Non, du moins pas à la General Workers Federation (GWF). Nous restons fermement engagés pour la cause des travailleurs. L’exploitation, quelle qu’elle soit, nous la dénonçons. Nous ne faisons pas de compromis en faveur des gro palto. C’est inscrit dans notre ADN. La GWF va bientôt célébrer ses 55 ans. Nous sommes fiers de notre héritage et déterminés à faire évoluer nos luttes. Je voudrais d’ailleurs répondre à Lindsay Rivière, qui a déclaré que le syndicalisme mauricien accuse un retard par rapport aux modèles européens. Je dirais qu’il faut contextualiser. Maurice est une jeune nation avec ses réalités. Nous avons nos forces, nos faiblesses et notre taux de syndicalisation peut – et doit – progresser. Malgré les obstacles, on s’organise, on modernise nos méthodes, on avance.

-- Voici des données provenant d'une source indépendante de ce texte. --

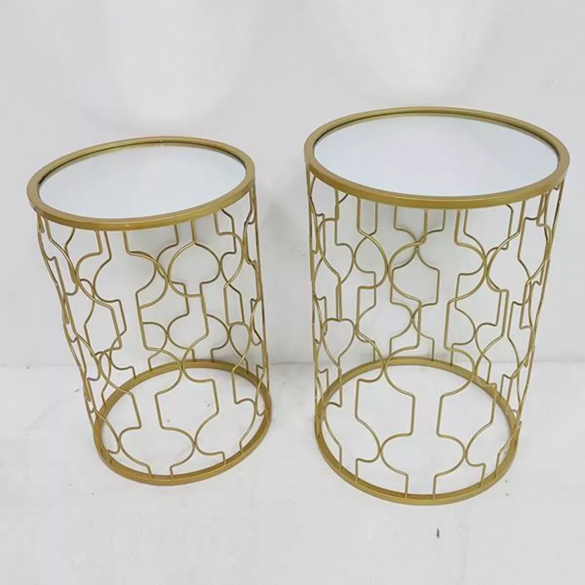ΤΡΑΠΕΖΑΚΙ ΒΟΗΘΗΤΙΚΟ, ΣΕΤ 2ΤΜΧ, ΜΕΤΑΛΛΙΚΟ, ΧΡΥΣΟ, ΜΕ ΚΑΘΡΕΦΤΗ, L:38x55.5cm S:33x50.5cm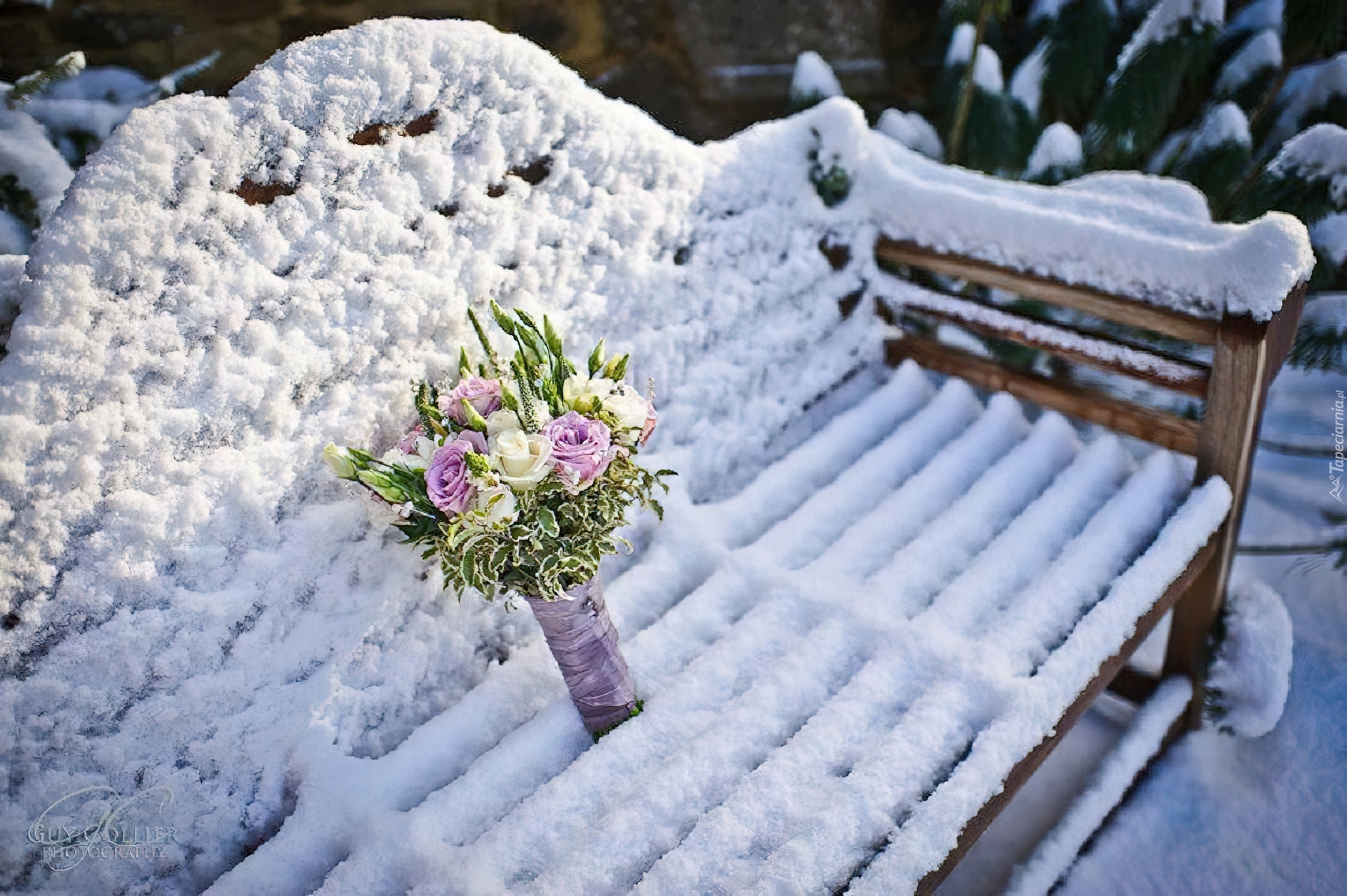 Edytor tapety: Bukiet, Kwiatów, Ławka, Zima

Quels sont, selon vous, les combats prioritaires pour les années à venir ?

Les défis sont nombreux. L’intelligence artificielle, l’automatisation et la robotisation vont bouleverser le monde du travail. Il faut anticiper, former, s’adapter. Nous devons aussi freiner l’exode des compétences, renforcer la protection sociale, améliorer les lois du travail, faire aboutir la semaine de 40 heures pour préserver l’équilibre familial. Face au changement climatique, des mesures concrètes s’imposent: une loi sur les disaster leaves, une meilleure protection contre les conditions extrêmes. Il est également urgent de revoir les mécanismes de sanctions disciplinaires, souvent utilisés de manière abusive, et de protéger les syndicalistes victimes de licenciements politiques.

La liste est longue, mais le message est clair : il faut repenser notre système avec pour priorité «la vie avant le profit». Le 1er-Mai, nous voulons en faire un moment fort de mobilisation pour l’émancipation des travailleurs dans ce monde en pleine mutation.